You might think that while it will be there, it will not impact us here. I’d hit pause on that thought.

There is a Wet Bulb Temperature Map

Via another study published last year (2020) in Science Advances we have a far more detailed map. Using data gathered, they created an interactive map that plots the highest wet-bulb temperatures recorded at stations across the world.

Side Note: This study is titled “The emergence of heat and humidity too severe for human tolerance” and was published in May 2020.

The illustration below shows locations that experienced extreme heat and humidity levels briefly (the hottest 0.1% of daily maximum wet bulb temperatures) from 1979-2017. Darker colors show more severe combinations of heat and humidity.

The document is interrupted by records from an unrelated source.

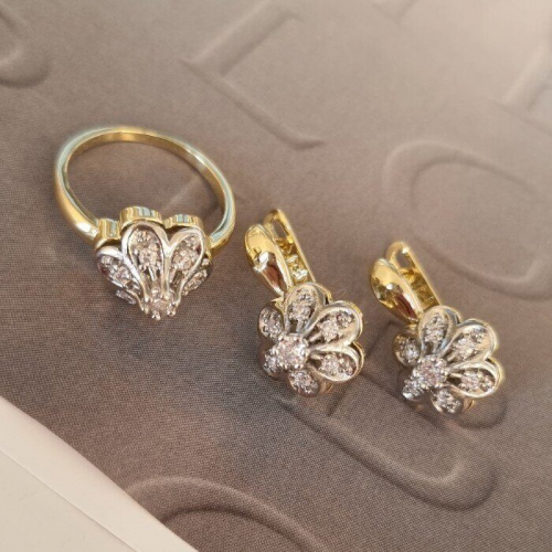 Комплект ювелирной бижутерии Итальянское золото (покрытие желтое 14к), серьги и кольцо, вставка: фианиты, цвет: прозрачный, р-р 19, Уценка, арт. 08.1855
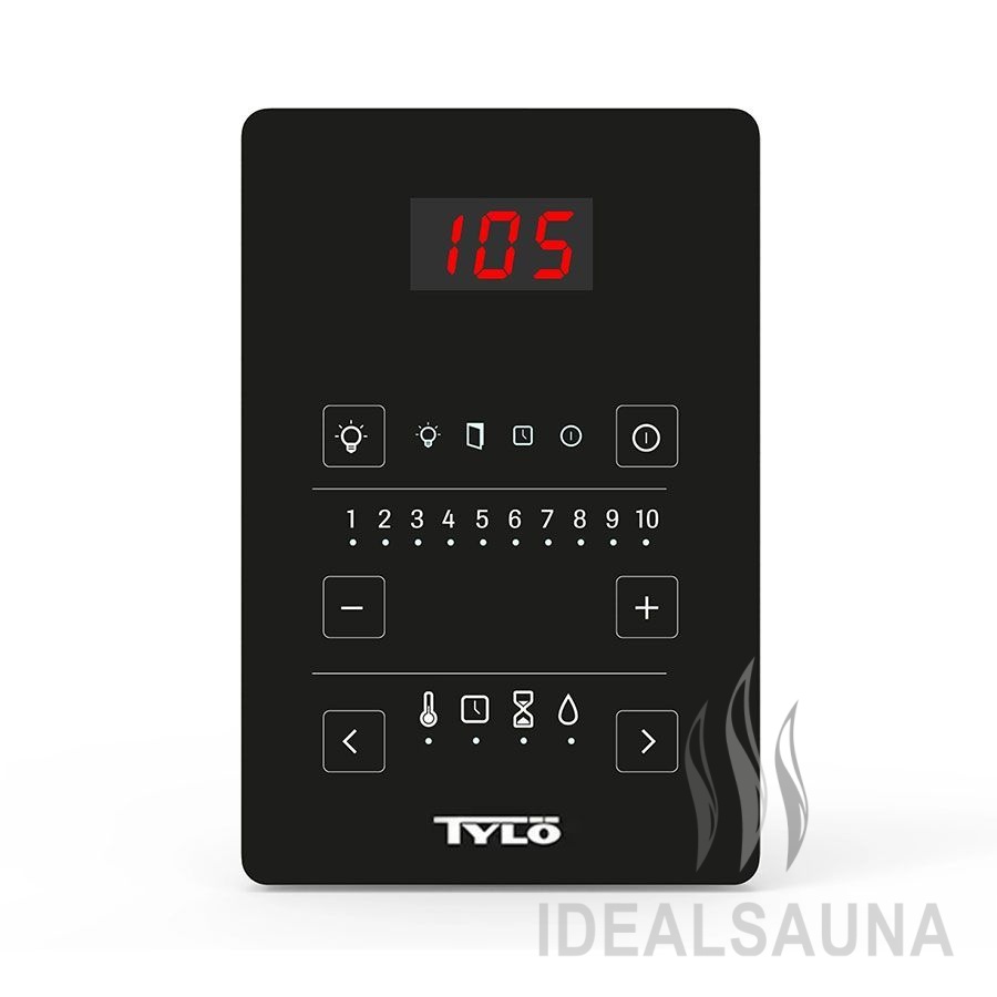 Тонкий чёрный пульт управления позволяет программировать освещение, температуру и время в сауне всего несколькими касаниями. Время включения сауны можно настроить заранее — вплоть до 10 часов.
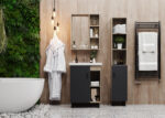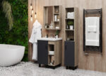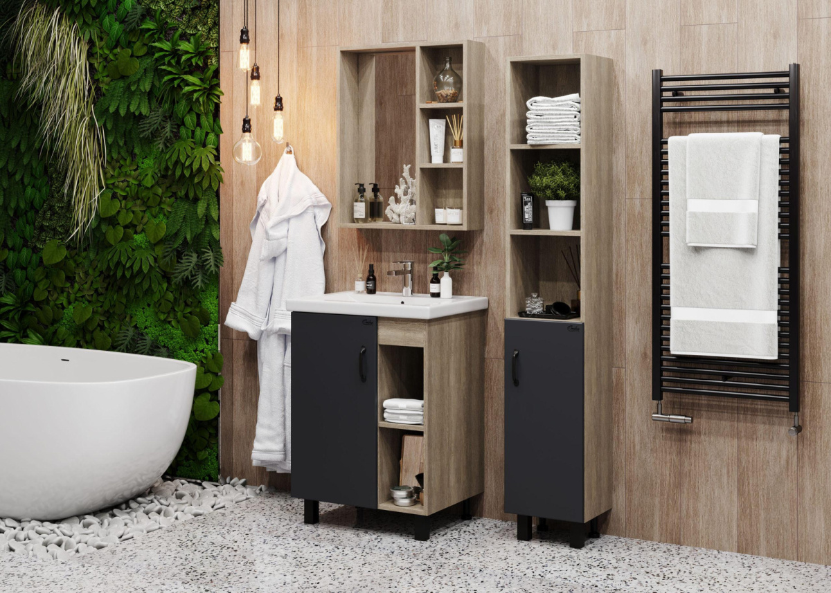 Открытые полки сверху обеспечивают быстрый доступ к часто используемым аксессуарам, а пространство за распашной дверцей снизу, снабженной системой плавного закрывания, станет удобным местом для хранения различных бытовых принадлежностей.
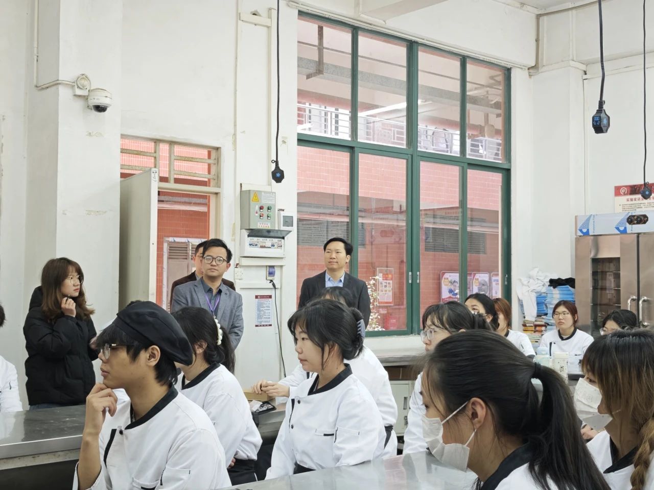新学期开学第一课教学巡查除了关注校本部的教学情况外,我院领导、老师还重点巡查了在太阳城附属教学酒店开展实践学习的班级情况。酒店管理学院院长林红梅、副院长何洪健、谢锦权以及辅导员、“双岗”教师们与24级烹饪工艺与营养1班全体同学进行了面对面的互动。
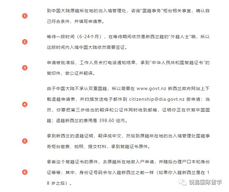 由于中国大陆不承认双重国籍,所以在入籍新西兰后就等于放弃中国国籍
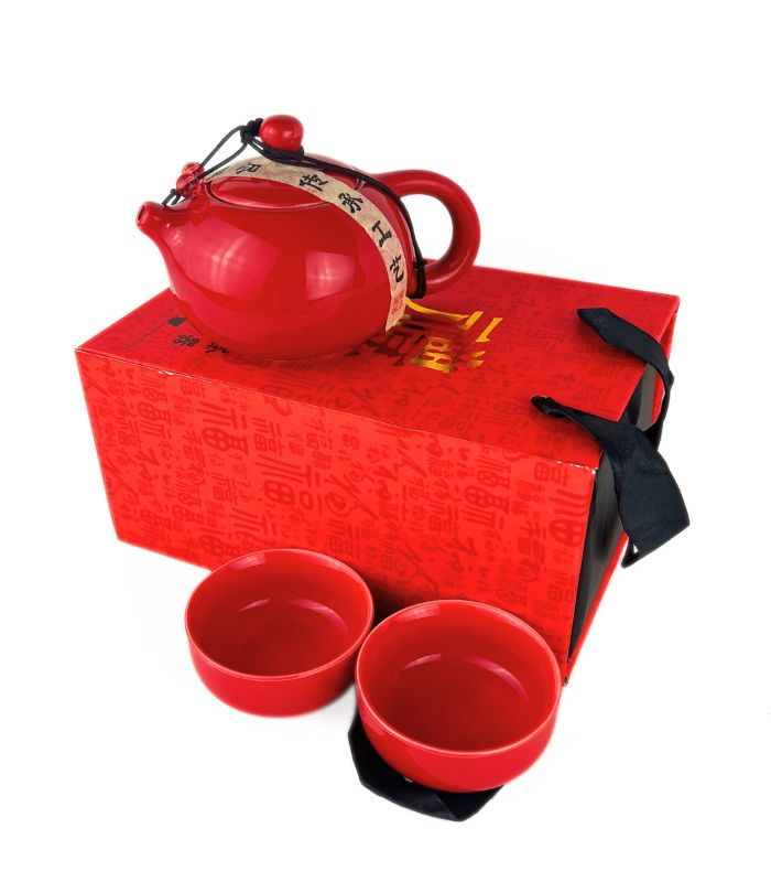 Чайный набор керамический красный (чайник + 2 пиала) в подарочной коробке

What this reveals is that some areas have already experienced conditions at or near humans’ survivability limit of 35°C.

Breaching the 35C wet bulb limit is not some theoretical issue several generations away, it is here now.

In addition to the above, here via Wikipedia is a list of places that have officially recorded a wet bulb temperature just above 35C.

There is also one more recent paper that I would like to flag up.

Projections of tropical heat stress constrained by atmospheric dynamics

This last paper (link above) was published in Nature last March (2021) just a few months ago.

The reason to pull this one up is to point out something rather important. By running climate models the researchers were able to do some very revealing projections. We do still have a choice …

limiting global warming to 1.5 °C will prevent most of the tropics from reaching a TW [Web Bulb Temperature] of 35 °C, the limit of human adaptation.

In other words, while doing nothing about climate change will have dire consequences, taking decisive meaningful action to limit global warming will keep many people safe.

We are not doomed, we do still have choices.